A WINCHESTER couple recently marked 70 years of marriage.

Roy and Sylvia Williams were married on April 26 1952, at Christ Church Winchester by Revd Blissard Barnes.

They currently live in Springvale with Roy at 96-years-old and Sylvia at 90.

The couple's daughter, Rachel Williams, explained the chaotic nature of their wedding day.

She said: “The wedding had been due to take place at an earlier date, but Sylvia had been admitted to the Royal Hampshire County Hospital with glandular fever and they missed the deadline to get tax relief by getting married in the new tax year!

“Roy remembers that he’d been working for his father whose bakery business was ‘G Williams and son’ in Sussex Street, Winchester, the morning of the day of the wedding, delivering bread. His shift began at 4am and he was on his last delivery in Greenhill Road, delivering to a Mrs Bramble.

“Mrs Bramble was shocked that Roy was still working at 11.30am on the day of his wedding, due in less than two hours at the church, but he made it in time, albeit with a hole in his sock which the congregation spotted as he knelt at the altar, and they all enjoyed a good laugh about it!

“Harry Adlem gave away his daughter, and amongst the guests of family and friends were Mrs Bramble and her daughter, Millie.

“The young couple took their honeymoon in London, four nights bed and breakfast at the Strand Palace Hotel at a cost of 12/6d a night then returned on the Wednesday to their home, a ‘one up one down’ shack they had purchased for £300 opposite the Perseverance Inn in Canon Street, Winchester.”

At age 14 Roy began his work life at Steels Funeral Directors in Winchester until he was 18. He was taken in to hospital to have an appendix removal and was there for his 18th birthday when he received his call up to join the war. He joined the RAF and did a carpentry course, gaining a 75 per cent pass and automatically became a Leading Air craftsman (LAC). His wage doubled on gaining this, from three shillings a day to six shillings.

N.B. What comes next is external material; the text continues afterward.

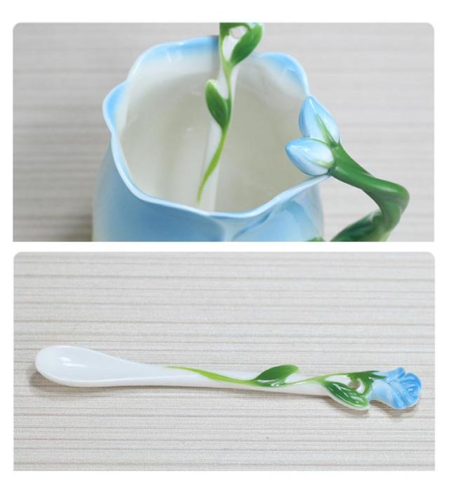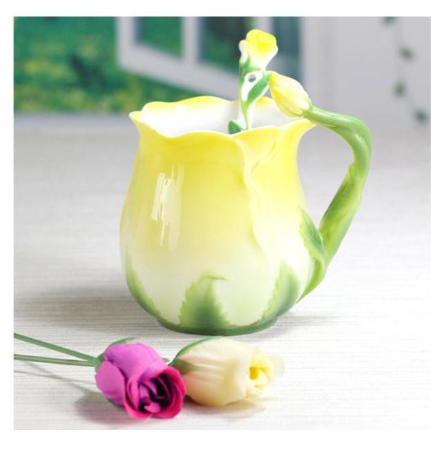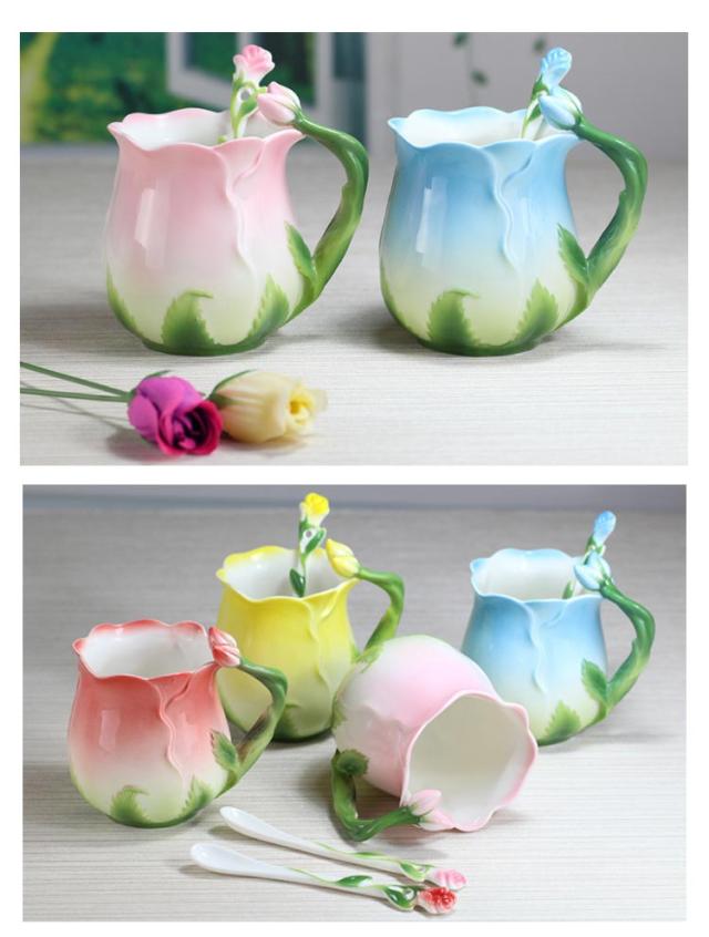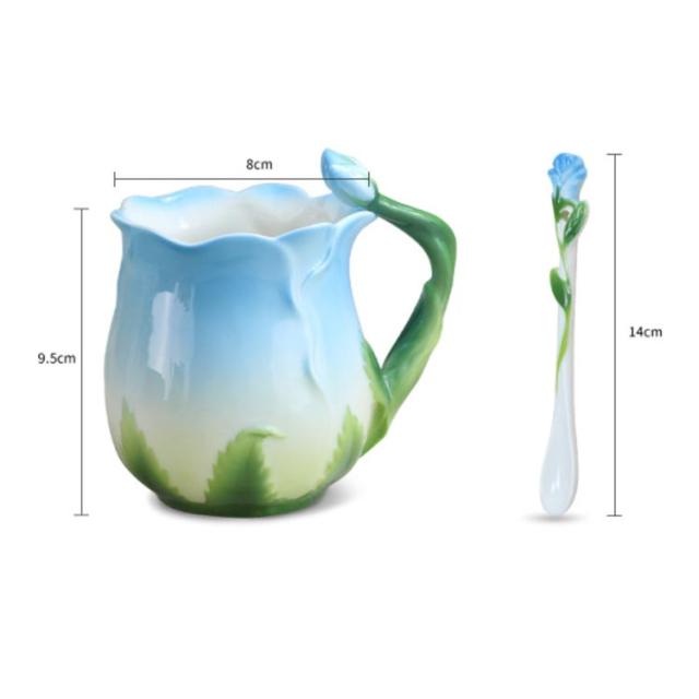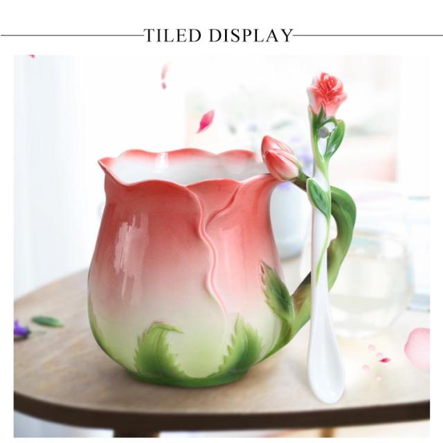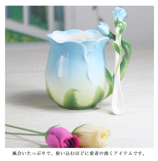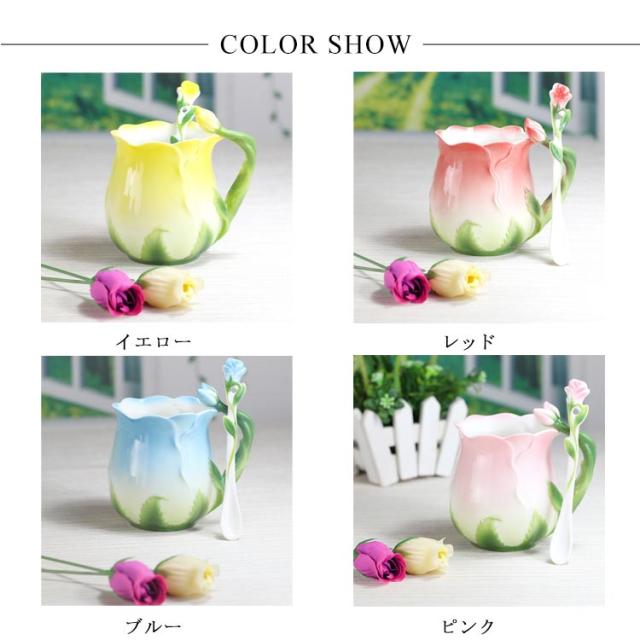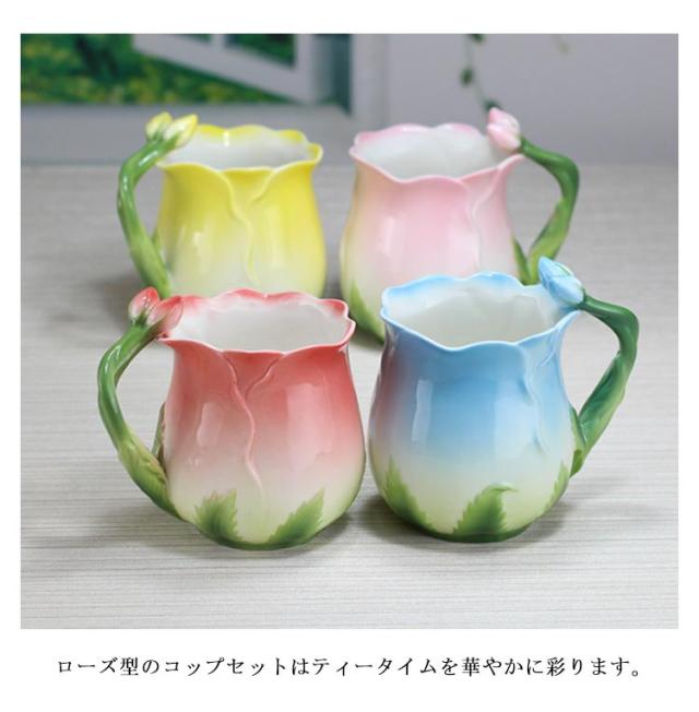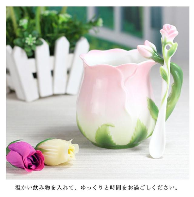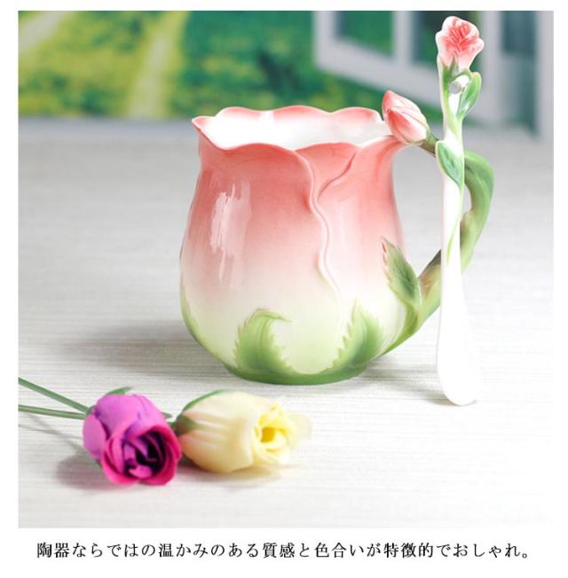 陶器 マグカップ 320ml 耐熱 花型 彫刻 ローズ 型 カップ 取手付き スプーン付き 湯呑み 花柄 花模様 華奢 セラミック ティーカップ コーヒー お茶 マグカップ 母の日 プレゼント ギフト 華やか レッド ピンク

In August 1944 he moved from Normandy to Ghent in Belgium and stayed there for the rest of the war. He was released from duty with a B class release because his carpentry skills were needed back home in Blighty.

He returned to Steels and then joined his fathers bakery business, delivering bread, where he met Sylvia, who was then about 17 years old and they began courting. Sylvia was employed at Kingsley Dennis in Jewry Street making chocolates, where she worked for about five years.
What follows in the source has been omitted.